(Records contained in a dataset)
◆ ◆ ◆ ◆ ◆ ◆ ◆
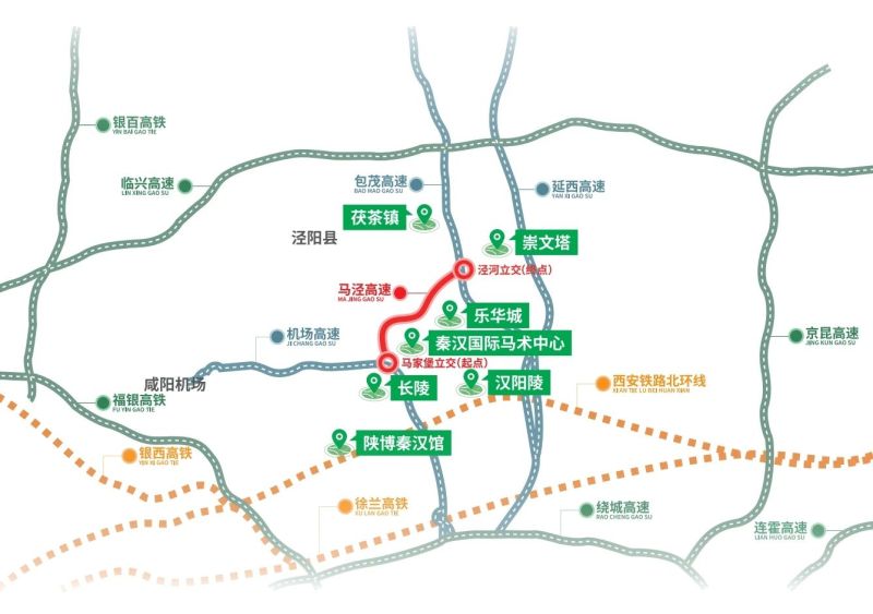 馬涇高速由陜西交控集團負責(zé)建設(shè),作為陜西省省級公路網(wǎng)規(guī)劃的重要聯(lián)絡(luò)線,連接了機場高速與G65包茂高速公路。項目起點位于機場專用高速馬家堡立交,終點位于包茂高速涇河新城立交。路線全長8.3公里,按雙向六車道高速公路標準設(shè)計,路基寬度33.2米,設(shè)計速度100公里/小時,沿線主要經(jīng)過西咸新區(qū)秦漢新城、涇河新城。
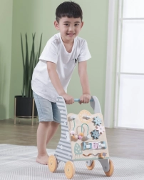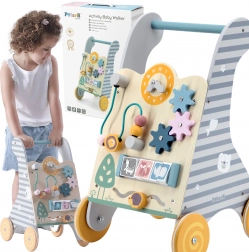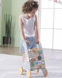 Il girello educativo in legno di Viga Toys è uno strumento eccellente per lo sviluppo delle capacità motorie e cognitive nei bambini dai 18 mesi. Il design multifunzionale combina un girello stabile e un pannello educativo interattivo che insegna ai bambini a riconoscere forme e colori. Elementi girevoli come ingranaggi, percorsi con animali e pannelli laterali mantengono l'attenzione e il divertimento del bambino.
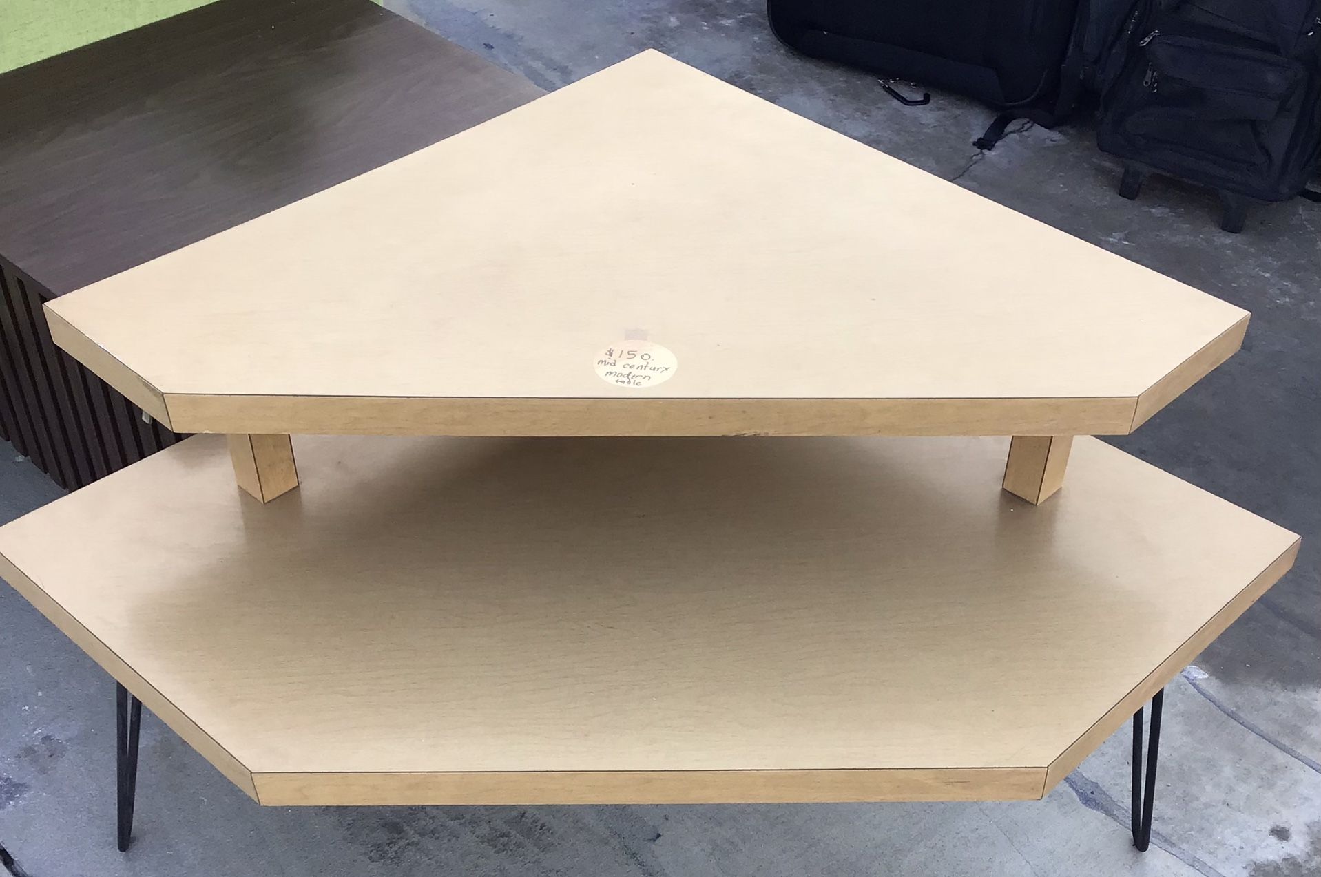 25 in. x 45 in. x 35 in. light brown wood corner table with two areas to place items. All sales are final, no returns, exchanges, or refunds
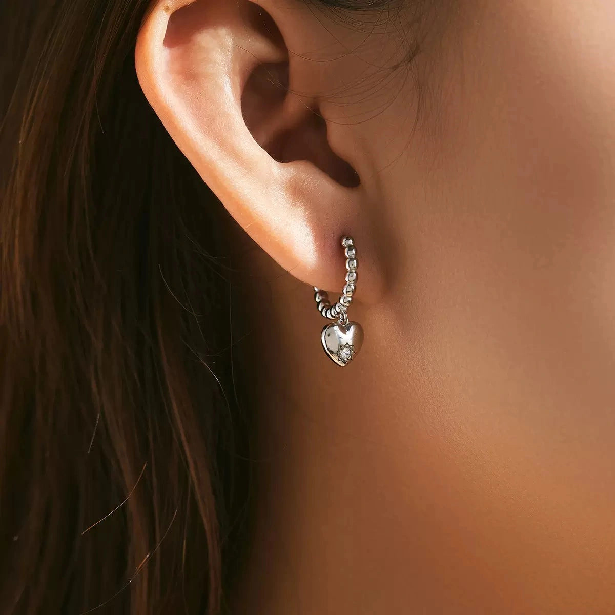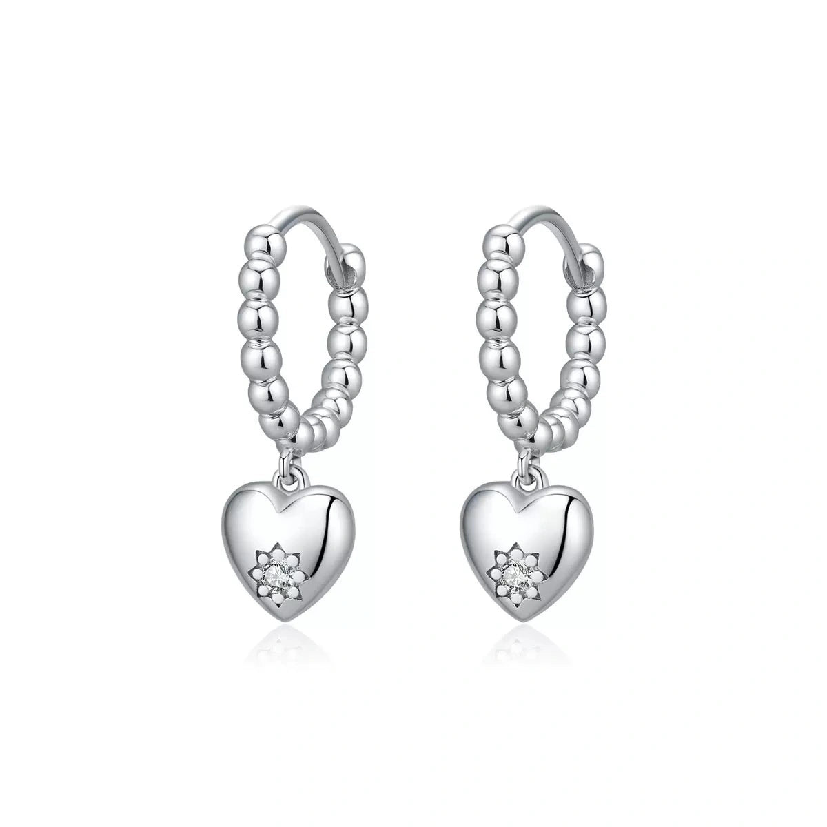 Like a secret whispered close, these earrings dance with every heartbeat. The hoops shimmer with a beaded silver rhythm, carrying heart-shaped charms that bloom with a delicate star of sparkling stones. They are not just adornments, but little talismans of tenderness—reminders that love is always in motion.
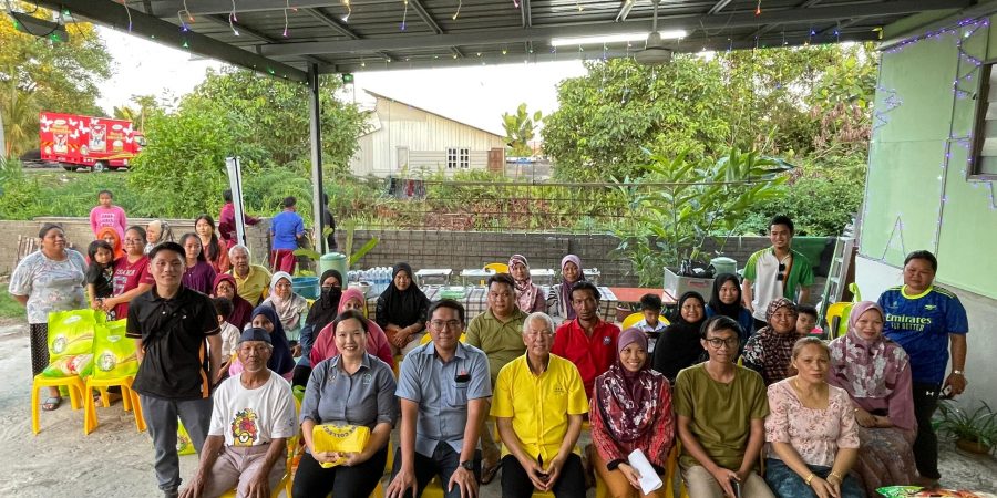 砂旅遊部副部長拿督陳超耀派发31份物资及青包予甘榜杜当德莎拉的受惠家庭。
◆ ◆ ◆ ◆ ◆ ◆ ◆
■ **Exercise brief**
Set down every record once more, word for word, without pictures.

■ **Response to this exercise**
 馬涇高速由陜西交控集團負責(zé)建設(shè),作為陜西省省級公路網(wǎng)規(guī)劃的重要聯(lián)絡(luò)線,連接了機場高速與G65包茂高速公路。項目起點位于機場專用高速馬家堡立交,終點位于包茂高速涇河新城立交。路線全長8.3公里,按雙向六車道高速公路標準設(shè)計,路基寬度33.2米,設(shè)計速度100公里/小時,沿線主要經(jīng)過西咸新區(qū)秦漢新城、涇河新城。
 Il girello educativo in legno di Viga Toys è uno strumento eccellente per lo sviluppo delle capacità motorie e cognitive nei bambini dai 18 mesi. Il design multifunzionale combina un girello stabile e un pannello educativo interattivo che insegna ai bambini a riconoscere forme e colori. Elementi girevoli come ingranaggi, percorsi con animali e pannelli laterali mantengono l'attenzione e il divertimento del bambino.
 25 in. x 45 in. x 35 in. light brown wood corner table with two areas to place items. All sales are final, no returns, exchanges, or refunds
 Like a secret whispered close, these earrings dance with every heartbeat. The hoops shimmer with a beaded silver rhythm, carrying heart-shaped charms that bloom with a delicate star of sparkling stones. They are not just adornments, but little talismans of tenderness—reminders that love is always in motion.
 砂旅遊部副部長拿督陳超耀派发31份物资及青包予甘榜杜当德莎拉的受惠家庭。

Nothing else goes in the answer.